Please take the lines from the one holding "This large Viking" through the one holding "Γυναικείο παντελόνι. Μονόχρωμο." in the data below and copy them exactly.

**Provided data:**

★ ★ ★

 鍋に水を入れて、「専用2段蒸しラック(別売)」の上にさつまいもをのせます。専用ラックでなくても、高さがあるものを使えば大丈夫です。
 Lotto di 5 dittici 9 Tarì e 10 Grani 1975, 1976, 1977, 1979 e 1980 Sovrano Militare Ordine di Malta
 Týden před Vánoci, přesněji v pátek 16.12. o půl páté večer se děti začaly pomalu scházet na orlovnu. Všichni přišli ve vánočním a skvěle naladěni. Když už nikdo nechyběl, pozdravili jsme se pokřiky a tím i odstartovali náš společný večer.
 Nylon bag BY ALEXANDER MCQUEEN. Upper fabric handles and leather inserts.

★ ★ ★

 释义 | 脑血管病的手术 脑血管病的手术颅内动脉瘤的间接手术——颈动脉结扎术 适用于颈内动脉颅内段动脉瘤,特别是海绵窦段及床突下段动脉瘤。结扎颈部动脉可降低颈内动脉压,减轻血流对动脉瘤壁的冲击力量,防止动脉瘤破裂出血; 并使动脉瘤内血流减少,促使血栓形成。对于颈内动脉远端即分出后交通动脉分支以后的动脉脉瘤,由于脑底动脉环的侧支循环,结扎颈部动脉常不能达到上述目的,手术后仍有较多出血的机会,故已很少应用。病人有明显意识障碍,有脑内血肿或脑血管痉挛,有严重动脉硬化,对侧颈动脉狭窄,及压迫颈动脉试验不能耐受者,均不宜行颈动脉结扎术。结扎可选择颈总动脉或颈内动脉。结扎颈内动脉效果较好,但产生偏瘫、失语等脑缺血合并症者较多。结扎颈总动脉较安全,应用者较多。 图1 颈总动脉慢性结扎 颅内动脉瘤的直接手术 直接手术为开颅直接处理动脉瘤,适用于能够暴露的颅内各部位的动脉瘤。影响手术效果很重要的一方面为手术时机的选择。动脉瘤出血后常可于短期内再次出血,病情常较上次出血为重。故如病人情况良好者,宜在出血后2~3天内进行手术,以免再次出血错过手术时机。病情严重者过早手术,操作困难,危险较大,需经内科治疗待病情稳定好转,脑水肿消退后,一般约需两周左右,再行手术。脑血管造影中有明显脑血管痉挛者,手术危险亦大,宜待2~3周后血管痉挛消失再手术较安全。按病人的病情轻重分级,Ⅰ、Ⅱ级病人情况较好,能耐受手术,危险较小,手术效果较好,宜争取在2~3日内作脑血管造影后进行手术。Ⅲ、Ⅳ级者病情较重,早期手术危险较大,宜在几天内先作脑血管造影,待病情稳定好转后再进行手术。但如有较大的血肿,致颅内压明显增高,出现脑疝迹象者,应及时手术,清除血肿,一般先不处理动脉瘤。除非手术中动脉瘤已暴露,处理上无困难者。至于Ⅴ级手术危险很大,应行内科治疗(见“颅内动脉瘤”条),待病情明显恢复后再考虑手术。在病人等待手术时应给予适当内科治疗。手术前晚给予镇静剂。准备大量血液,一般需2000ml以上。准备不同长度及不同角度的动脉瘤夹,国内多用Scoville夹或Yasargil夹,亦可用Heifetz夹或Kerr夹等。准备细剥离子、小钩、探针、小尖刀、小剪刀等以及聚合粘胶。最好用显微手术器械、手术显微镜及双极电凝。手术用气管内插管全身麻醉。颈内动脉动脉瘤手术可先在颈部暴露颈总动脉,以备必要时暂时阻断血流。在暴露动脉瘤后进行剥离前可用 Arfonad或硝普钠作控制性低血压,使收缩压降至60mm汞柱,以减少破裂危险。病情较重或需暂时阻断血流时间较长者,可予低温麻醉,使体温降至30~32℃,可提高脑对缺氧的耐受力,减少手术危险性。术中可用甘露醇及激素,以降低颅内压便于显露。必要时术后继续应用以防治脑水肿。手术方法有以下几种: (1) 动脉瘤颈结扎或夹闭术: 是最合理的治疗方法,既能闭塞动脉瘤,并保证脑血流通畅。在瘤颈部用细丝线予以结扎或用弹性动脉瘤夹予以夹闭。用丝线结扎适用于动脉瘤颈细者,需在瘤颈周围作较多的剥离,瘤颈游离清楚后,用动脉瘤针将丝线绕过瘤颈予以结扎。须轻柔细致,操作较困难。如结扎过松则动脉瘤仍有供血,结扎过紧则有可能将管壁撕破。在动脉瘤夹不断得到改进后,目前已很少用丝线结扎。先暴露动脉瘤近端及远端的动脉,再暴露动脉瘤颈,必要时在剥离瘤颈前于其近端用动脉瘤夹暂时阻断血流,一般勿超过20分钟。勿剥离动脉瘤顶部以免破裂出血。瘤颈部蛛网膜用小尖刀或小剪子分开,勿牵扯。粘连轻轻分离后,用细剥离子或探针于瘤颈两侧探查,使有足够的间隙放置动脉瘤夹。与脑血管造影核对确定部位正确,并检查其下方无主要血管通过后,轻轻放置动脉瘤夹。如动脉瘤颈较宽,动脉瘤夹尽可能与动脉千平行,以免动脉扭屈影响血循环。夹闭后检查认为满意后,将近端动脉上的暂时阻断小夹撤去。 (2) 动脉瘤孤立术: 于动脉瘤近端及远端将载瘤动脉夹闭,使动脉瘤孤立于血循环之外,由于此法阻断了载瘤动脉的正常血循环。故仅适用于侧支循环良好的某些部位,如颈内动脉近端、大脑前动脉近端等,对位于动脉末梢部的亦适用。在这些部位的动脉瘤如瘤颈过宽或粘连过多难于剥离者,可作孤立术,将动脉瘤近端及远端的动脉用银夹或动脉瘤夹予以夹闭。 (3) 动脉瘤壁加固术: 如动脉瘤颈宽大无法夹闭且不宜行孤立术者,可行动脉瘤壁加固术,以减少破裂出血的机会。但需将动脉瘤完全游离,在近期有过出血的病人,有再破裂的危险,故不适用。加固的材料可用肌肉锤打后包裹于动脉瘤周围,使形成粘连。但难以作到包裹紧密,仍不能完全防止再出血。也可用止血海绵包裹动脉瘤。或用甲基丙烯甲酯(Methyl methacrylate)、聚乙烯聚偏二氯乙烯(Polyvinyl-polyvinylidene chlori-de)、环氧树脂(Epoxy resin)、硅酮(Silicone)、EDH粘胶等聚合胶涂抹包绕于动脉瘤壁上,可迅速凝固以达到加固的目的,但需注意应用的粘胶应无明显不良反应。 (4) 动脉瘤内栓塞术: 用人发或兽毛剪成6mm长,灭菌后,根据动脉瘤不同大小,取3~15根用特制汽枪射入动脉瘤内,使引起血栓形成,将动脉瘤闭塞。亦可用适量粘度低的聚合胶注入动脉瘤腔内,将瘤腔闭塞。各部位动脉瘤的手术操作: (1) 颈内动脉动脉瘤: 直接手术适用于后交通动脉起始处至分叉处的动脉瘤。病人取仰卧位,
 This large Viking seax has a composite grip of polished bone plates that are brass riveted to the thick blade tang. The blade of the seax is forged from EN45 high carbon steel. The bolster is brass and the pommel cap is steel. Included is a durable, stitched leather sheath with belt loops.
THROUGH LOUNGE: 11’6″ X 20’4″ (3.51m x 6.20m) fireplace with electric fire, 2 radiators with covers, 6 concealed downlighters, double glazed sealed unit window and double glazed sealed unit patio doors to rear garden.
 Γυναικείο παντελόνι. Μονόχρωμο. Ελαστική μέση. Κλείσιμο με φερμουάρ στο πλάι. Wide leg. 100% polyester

★ ★ ★

**Exercise solution:**
 This large Viking seax has a composite grip of polished bone plates that are brass riveted to the thick blade tang. The blade of the seax is forged from EN45 high carbon steel. The bolster is brass and the pommel cap is steel. Included is a durable, stitched leather sheath with belt loops.
THROUGH LOUNGE: 11’6″ X 20’4″ (3.51m x 6.20m) fireplace with electric fire, 2 radiators with covers, 6 concealed downlighters, double glazed sealed unit window and double glazed sealed unit patio doors to rear garden.
 Γυναικείο παντελόνι. Μονόχρωμο. Ελαστική μέση. Κλείσιμο με φερμουάρ στο πλάι. Wide leg. 100% polyester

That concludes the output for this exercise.